**What the task asks**
Return each entry below exactly. Skip the images.

-------- Extracted material --------

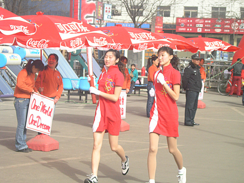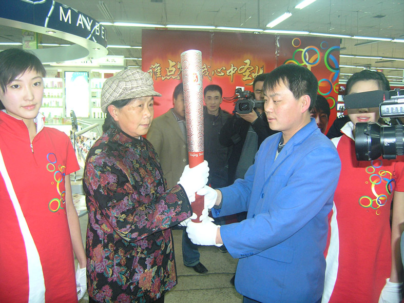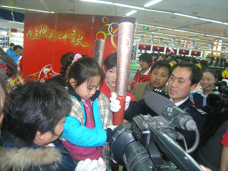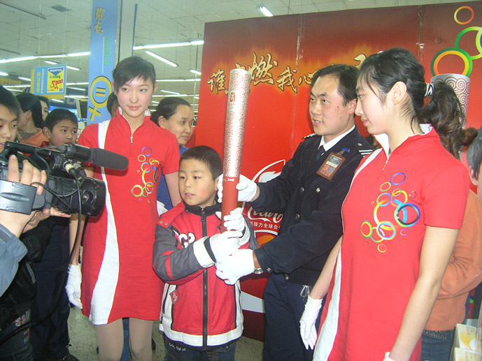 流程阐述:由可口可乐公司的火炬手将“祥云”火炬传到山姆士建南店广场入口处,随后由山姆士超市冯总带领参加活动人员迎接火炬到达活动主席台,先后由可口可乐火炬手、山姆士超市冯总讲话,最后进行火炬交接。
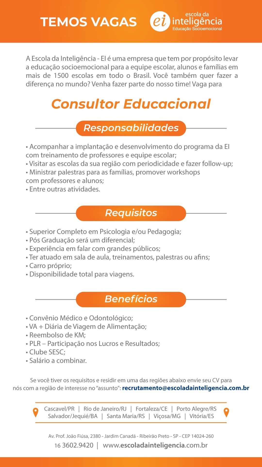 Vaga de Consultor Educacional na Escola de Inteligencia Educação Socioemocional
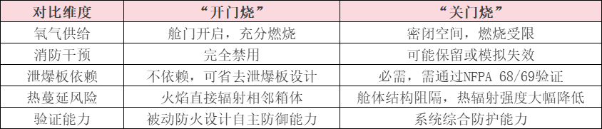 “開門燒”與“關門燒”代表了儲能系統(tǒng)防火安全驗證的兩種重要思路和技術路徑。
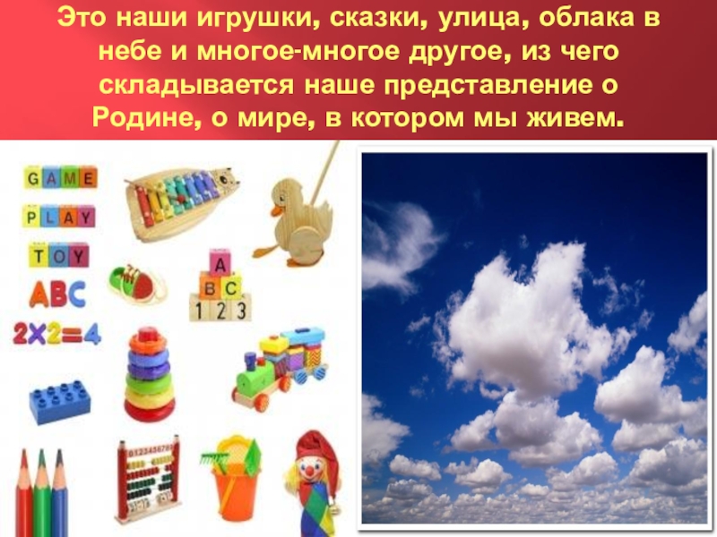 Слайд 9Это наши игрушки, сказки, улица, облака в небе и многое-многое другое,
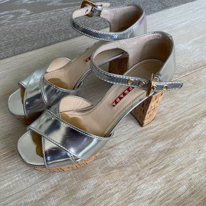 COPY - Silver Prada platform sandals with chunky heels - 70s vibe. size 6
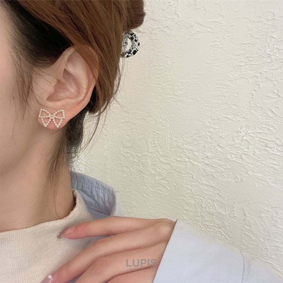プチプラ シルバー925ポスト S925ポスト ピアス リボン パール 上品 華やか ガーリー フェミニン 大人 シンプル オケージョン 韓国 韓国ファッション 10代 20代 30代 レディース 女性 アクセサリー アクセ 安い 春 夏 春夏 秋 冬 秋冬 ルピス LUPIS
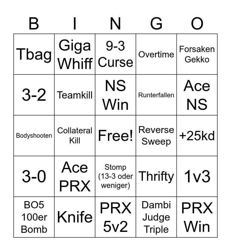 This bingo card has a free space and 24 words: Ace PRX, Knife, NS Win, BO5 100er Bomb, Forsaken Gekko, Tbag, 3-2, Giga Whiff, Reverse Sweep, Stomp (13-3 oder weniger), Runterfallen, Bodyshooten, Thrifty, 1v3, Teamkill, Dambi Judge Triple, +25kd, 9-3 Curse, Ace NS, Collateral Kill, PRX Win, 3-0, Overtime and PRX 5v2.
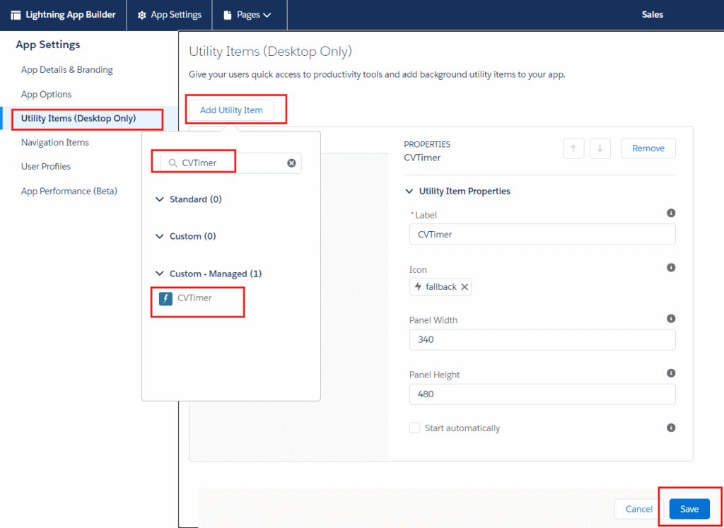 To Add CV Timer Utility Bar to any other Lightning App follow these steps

--------

**Answer to the problem**
 流程阐述:由可口可乐公司的火炬手将“祥云”火炬传到山姆士建南店广场入口处,随后由山姆士超市冯总带领参加活动人员迎接火炬到达活动主席台,先后由可口可乐火炬手、山姆士超市冯总讲话,最后进行火炬交接。
 Vaga de Consultor Educacional na Escola de Inteligencia Educação Socioemocional
 “開門燒”與“關門燒”代表了儲能系統(tǒng)防火安全驗證的兩種重要思路和技術路徑。
 Слайд 9Это наши игрушки, сказки, улица, облака в небе и многое-многое другое,
 COPY - Silver Prada platform sandals with chunky heels - 70s vibe. size 6
プチプラ シルバー925ポスト S925ポスト ピアス リボン パール 上品 華やか ガーリー フェミニン 大人 シンプル オケージョン 韓国 韓国ファッション 10代 20代 30代 レディース 女性 アクセサリー アクセ 安い 春 夏 春夏 秋 冬 秋冬 ルピス LUPIS
 This bingo card has a free space and 24 words: Ace PRX, Knife, NS Win, BO5 100er Bomb, Forsaken Gekko, Tbag, 3-2, Giga Whiff, Reverse Sweep, Stomp (13-3 oder weniger), Runterfallen, Bodyshooten, Thrifty, 1v3, Teamkill, Dambi Judge Triple, +25kd, 9-3 Curse, Ace NS, Collateral Kill, PRX Win, 3-0, Overtime and PRX 5v2.
 To Add CV Timer Utility Bar to any other Lightning App follow these steps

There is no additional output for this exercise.